Original maturity is the time from a bond's issue date to its stated maturity date.
Original maturity is the length of time from a bond’s issue date to its stated maturity date. It describes the bond’s initial term when issued, not the remaining time an investor has today.
Original maturity is fixed at issuance. Remaining term to maturity declines as time passes.
For a bond issued on January 1, 2026 and scheduled to mature on January 1, 2036, the original maturity is 10 years.
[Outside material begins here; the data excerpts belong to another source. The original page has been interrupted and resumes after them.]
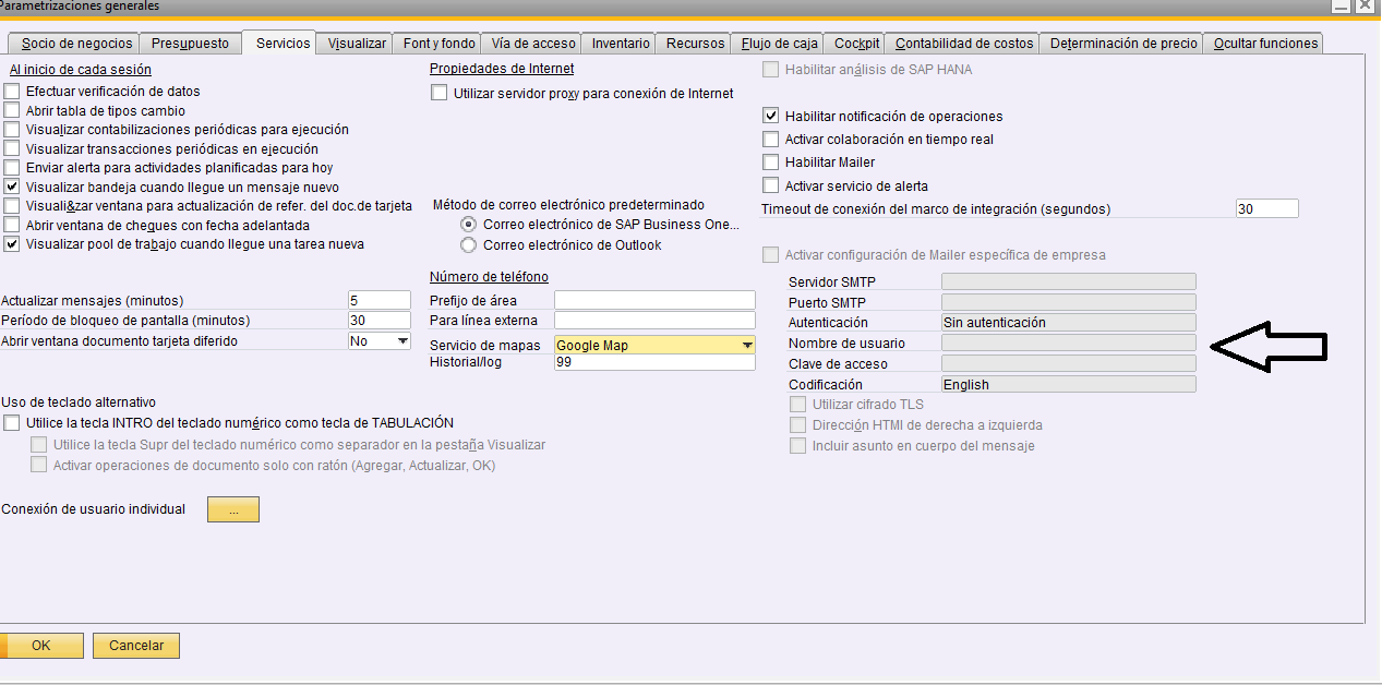 3-Define y programa las alarmas (Gestión → Gestión de alarma). Estas saltan en SAP cuando el usuario esta logueado. Si quieres activar las alarmas por correo, deberas activar el servicio de mailer. No recuerdo como activas el mailer en la version SQL de SAP (hace años me pase a HANA). Creo que esta en el service manager. Con eso creo que se te desbloquean los campos referentes al servidor de correos de la imagen que pusiste.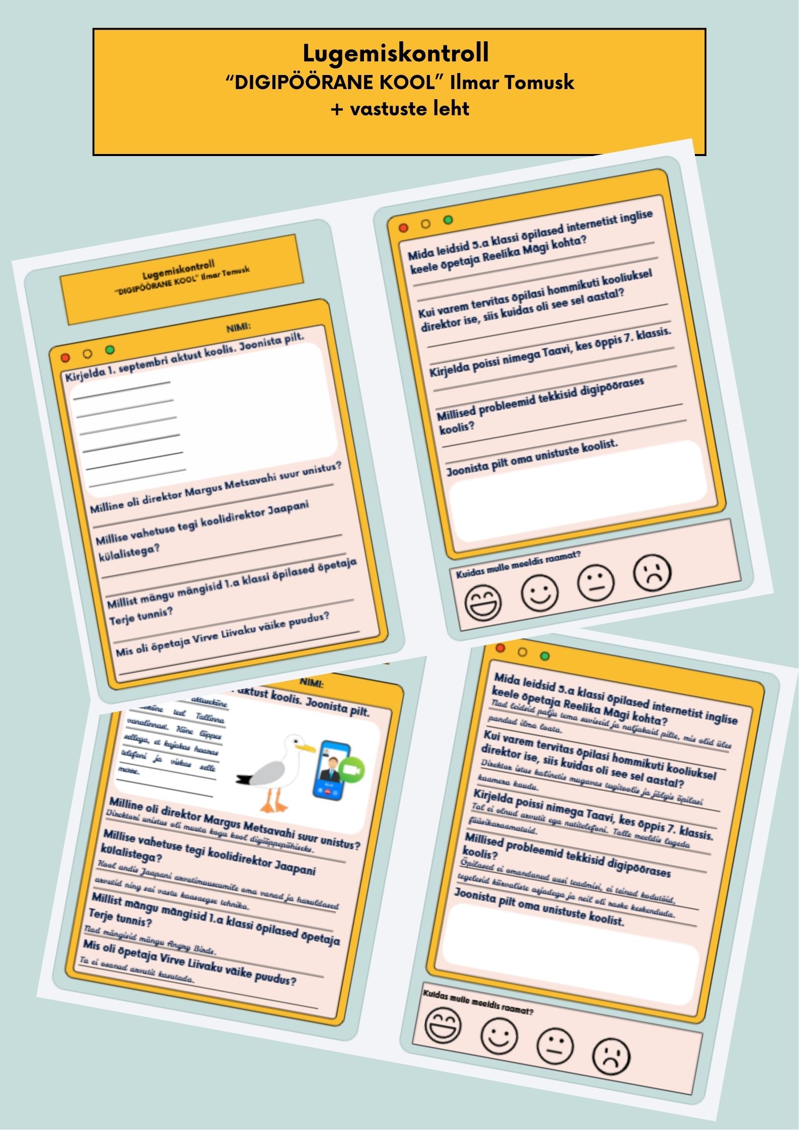 See lugemiskontroll on loodud Ilmar Tomuski humoorika ja seiklusliku raamatu “Digipöörane kool” põhjal. Materjal aitab kontrollida õpilaste tekstimõistmist, arendada arutlusoskust ning sobib suurepäraselt nii tunnitööks kui ka hindeliseks ülesandeks.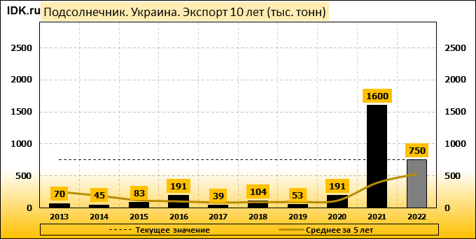 Экспорт: оценивается в 750 тысяч тонн. За месяц показатель не претерпел изменений.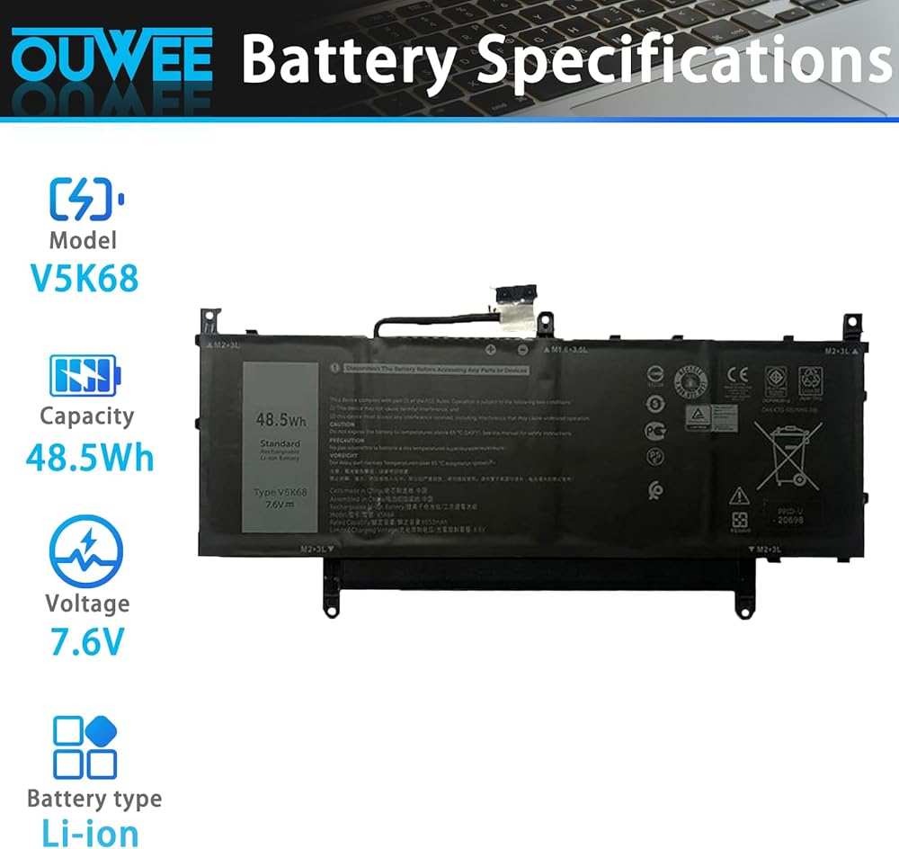 • 【أرقام أجزاء البطارية البديلة】 بطارية لـ V5K68 0G52H.

| Concept | Measures | Example |
|---|---|---|
| Original maturity | Issue date to stated maturity date | A 10-year note issued in 2026 and maturing in 2036 has a 10-year original maturity. |
| Remaining maturity | Today to stated maturity date | If today is 2031, that same note has about 5 years remaining. |
| Effective maturity | Practical repayment horizon after calls, puts, amortization, or prepayments | A callable bond may have a shorter effective horizon than its final maturity. |
Original maturity affects how markets classify a bond at issuance. For example, U.S. Treasury bills, notes, and bonds are partly distinguished by original maturity ranges. Corporate and municipal debt also use original maturity to describe financing horizon and debt-structure choices.
However, an investor buying in the secondary market usually cares more about remaining term, yield, duration, credit quality, liquidity, and call risk than the original maturity alone.
A company issued a 30-year bond in 2016 with a stated maturity in 2046. The original maturity is 30 years. If an investor buys the bond in 2036, the original maturity is still 30 years, but the remaining term to maturity is about 10 years. The investor’s rate risk should be assessed from the remaining cash flows, not from the original label alone.
Check the issue date, dated date if different, maturity date, first coupon date, settlement date, call schedule, amortization or sinking-fund terms, CUSIP-level description, final disclosure document, and whether the bond was purchased at issuance or in the secondary market.
TreasuryDirect marketable securities is useful for seeing how Treasury bills, notes, bonds, TIPS, and FRNs are grouped by maturity characteristics. Investor.gov’s bond overview provides beginner context on bond issue terms, maturity, and repayment risk.